The problem was first noted by Larry McVoy of BitMover, whose BitKeeper products are used heavily by Linus Torvalds and other Linux kernel developers. Only the kernel's public CVS tree was modified. The BitKeeper tree was not, and it was the difference between the two that made the malicious attempt obvious.
In an email to NewsForge this morning, Larry McVoy gave his account of the situation:
As a service to the kernel community, we provide a public machine.
That machine hosts BitKeeper, CVS, and Subversion trees of the kernel;
it's name is kernel.bkbits.net and it is aliased as cvs.kernel.org and
svn.kernel.org. That machine was broken into.
BitMover created a gateway from BitKeeper to CVS for those people who
prefer CVS. We run and maintain that gateway on internal BitMover
machines and mirror the BK->CVS converted files to kernel.bkbits.net.
After the mirroring is complete, just to be sure, we run a little remote
comparison script over the BitMover data and the kernel.bkbits.net data.
That script runs each night and sends mail if there is a problem.

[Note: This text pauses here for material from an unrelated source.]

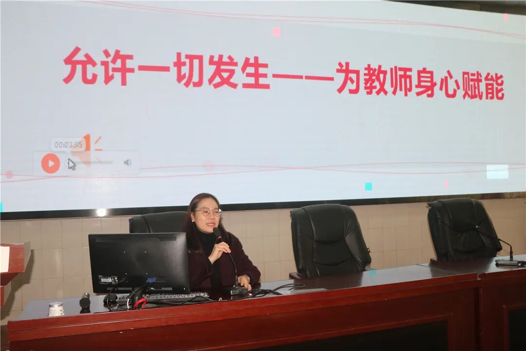 政教处副主任曹敏讲座的主题是《允许一切发生——为教师身心赋能》。曹主任从对职业的初衷,社会对教师的期待做了一些交流和分享。作为一名人民教师,应当敬业、爱业。但同时也应当做一名身心健康,身体健康、心理健康的教育者。作为老师,我们应当转换观念,释放压力,调节心理。健康的心理除了关系到自身生活的幸福与家庭的幸福,还关系到每一个学生的心理健康、日常生活与学习,以及学生家庭的幸福。因为,情绪是会传染的。所以,我们要用曹主任教给我们的方法,努力调整好认知、管理好情绪,让自己能量满满,在日复一日的忙碌中提升工作和生活的幸福指数。
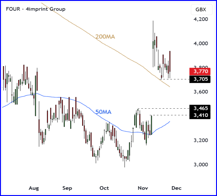 The shares gapped higher on the announcement and have been consolidating above the 200 day moving average ever since. That behaviour often marks the early stages of sentiment turning, and when you combine this with an upgrade to full year guidance, the conditions for a second tranche are now in place. FOUR has navigated a tricky year with a level of resilience that the market had not priced in, which gives us a timely opportunity to act.

The problem got flagged yesterday, I looked into it, corrected the
problem after saving the bad version of the file, and then sent mail
to the lkml.
As some of the kernel developers have noted, this was only caught because
we're paranoid. BitKeeper users have taught us that if anything can go
wrong, it will go wrong, so you need to have safety checks built into your
application. We did the same sort of thing with the CVS gateway and it
It's also worth noting that Linus himself pointed out that it was unlikely
that this sort of thing could be done in BitKeeper because of BitKeeper's
A few minutes later, this email from Linus Torvalds arrived:
It wasn't really bad at all - except of course in the sense that it's
always a nasty surprise that somebody would try something like that. But
on a scale from "insignificant" to "very very serious" I'd call the hack
Inserting a back-door into a project CVS tree could be very serious in
theory, and in that sense everything was done "right" - the code was made
to look innocuous, and the CVS history looked fairly sane. Successfully
doing something like that into the core CVS tree would quite potentially
be very hard to detect, and two lines of code out of five million is
obviously not a sore thumb that sticks out.
But the thing is, unlike a lot of other projects, Linux kernel development
isn't actually done using a central CVS tree _at_all_. That CVS-tree was
just an automatically generated read-only export for people who want to
use CVS, and the back-door was never in any "real" tree in that sense. The
real trees aren't public, and never have been.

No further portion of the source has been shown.